Starting with the line that contains "If you are looking" and stopping after the line that contains "O secretário de", copy the entries below exactly. Include nothing else.

◇ ◇ ◇ ◇ ◇ ◇ ◇

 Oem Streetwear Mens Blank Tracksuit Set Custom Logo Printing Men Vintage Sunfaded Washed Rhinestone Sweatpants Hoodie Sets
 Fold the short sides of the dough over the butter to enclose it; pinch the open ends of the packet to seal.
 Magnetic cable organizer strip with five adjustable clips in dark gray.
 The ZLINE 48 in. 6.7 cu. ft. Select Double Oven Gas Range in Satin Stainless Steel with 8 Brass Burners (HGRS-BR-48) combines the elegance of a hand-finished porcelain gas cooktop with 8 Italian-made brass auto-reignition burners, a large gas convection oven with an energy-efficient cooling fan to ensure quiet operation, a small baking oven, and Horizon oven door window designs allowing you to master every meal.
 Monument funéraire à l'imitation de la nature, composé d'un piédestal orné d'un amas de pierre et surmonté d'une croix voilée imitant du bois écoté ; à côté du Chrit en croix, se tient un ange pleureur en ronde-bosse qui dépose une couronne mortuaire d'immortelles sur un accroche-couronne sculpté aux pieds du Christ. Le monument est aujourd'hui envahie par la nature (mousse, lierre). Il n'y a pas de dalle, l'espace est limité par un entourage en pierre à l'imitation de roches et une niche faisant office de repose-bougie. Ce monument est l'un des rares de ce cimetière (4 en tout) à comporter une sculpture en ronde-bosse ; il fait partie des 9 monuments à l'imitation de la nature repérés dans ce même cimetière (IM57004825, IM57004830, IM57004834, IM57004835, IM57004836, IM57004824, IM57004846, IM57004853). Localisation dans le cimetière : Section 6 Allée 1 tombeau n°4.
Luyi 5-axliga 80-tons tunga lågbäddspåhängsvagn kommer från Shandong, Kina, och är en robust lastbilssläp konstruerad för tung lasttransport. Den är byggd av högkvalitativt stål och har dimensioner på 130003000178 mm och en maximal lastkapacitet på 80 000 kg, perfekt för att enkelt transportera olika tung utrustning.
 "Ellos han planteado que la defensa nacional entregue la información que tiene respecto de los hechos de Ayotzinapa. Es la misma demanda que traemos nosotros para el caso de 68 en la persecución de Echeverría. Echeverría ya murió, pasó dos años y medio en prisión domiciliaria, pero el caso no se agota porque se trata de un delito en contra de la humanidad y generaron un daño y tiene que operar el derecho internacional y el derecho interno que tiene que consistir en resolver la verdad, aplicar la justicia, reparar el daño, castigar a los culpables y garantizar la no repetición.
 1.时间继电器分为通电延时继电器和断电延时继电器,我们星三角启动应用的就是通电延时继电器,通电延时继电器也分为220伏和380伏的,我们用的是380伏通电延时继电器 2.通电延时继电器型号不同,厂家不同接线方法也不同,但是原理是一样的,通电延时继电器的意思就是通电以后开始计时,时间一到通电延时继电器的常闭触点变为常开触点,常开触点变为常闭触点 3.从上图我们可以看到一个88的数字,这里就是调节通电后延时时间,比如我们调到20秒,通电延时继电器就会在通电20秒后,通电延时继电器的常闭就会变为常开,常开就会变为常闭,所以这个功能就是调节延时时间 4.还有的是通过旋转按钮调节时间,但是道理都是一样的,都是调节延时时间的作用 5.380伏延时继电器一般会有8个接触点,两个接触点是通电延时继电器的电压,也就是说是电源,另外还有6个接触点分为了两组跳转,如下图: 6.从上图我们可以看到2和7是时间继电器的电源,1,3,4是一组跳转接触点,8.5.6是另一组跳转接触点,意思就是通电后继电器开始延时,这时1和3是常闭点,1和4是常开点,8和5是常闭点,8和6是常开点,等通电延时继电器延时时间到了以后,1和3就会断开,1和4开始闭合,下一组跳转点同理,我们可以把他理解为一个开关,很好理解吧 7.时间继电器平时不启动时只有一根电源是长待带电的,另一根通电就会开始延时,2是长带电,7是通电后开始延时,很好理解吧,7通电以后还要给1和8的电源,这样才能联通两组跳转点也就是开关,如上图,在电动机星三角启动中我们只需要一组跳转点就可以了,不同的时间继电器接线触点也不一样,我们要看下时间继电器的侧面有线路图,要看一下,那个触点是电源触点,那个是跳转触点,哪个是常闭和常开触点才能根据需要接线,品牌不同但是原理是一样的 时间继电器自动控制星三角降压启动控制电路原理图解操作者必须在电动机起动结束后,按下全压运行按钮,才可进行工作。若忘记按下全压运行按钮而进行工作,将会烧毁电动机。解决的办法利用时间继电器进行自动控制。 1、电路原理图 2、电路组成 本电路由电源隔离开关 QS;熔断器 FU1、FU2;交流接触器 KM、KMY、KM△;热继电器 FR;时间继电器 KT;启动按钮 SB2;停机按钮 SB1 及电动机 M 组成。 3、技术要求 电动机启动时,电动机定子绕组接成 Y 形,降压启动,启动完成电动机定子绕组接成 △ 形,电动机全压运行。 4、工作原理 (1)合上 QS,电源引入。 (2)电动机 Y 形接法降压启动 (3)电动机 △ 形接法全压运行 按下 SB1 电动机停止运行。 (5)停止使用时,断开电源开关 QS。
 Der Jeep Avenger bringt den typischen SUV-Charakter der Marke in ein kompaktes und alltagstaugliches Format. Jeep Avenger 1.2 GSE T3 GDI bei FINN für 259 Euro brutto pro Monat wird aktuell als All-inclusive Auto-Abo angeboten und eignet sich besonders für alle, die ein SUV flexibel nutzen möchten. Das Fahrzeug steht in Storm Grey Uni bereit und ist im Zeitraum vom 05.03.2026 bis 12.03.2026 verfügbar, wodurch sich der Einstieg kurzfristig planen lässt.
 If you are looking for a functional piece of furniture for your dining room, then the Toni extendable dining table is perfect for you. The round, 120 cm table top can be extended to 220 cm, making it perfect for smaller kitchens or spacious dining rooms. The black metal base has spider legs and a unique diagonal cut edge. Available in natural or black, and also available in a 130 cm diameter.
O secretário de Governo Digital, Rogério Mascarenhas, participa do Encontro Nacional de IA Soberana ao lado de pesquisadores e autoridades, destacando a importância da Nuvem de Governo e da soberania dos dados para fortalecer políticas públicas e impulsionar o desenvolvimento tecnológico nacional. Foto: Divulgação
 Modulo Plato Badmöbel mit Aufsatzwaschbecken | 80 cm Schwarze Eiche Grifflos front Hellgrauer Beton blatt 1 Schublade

◇ ◇ ◇ ◇ ◇ ◇ ◇

* [Task output]:
 If you are looking for a functional piece of furniture for your dining room, then the Toni extendable dining table is perfect for you. The round, 120 cm table top can be extended to 220 cm, making it perfect for smaller kitchens or spacious dining rooms. The black metal base has spider legs and a unique diagonal cut edge. Available in natural or black, and also available in a 130 cm diameter.
O secretário de Governo Digital, Rogério Mascarenhas, participa do Encontro Nacional de IA Soberana ao lado de pesquisadores e autoridades, destacando a importância da Nuvem de Governo e da soberania dos dados para fortalecer políticas públicas e impulsionar o desenvolvimento tecnológico nacional. Foto: Divulgação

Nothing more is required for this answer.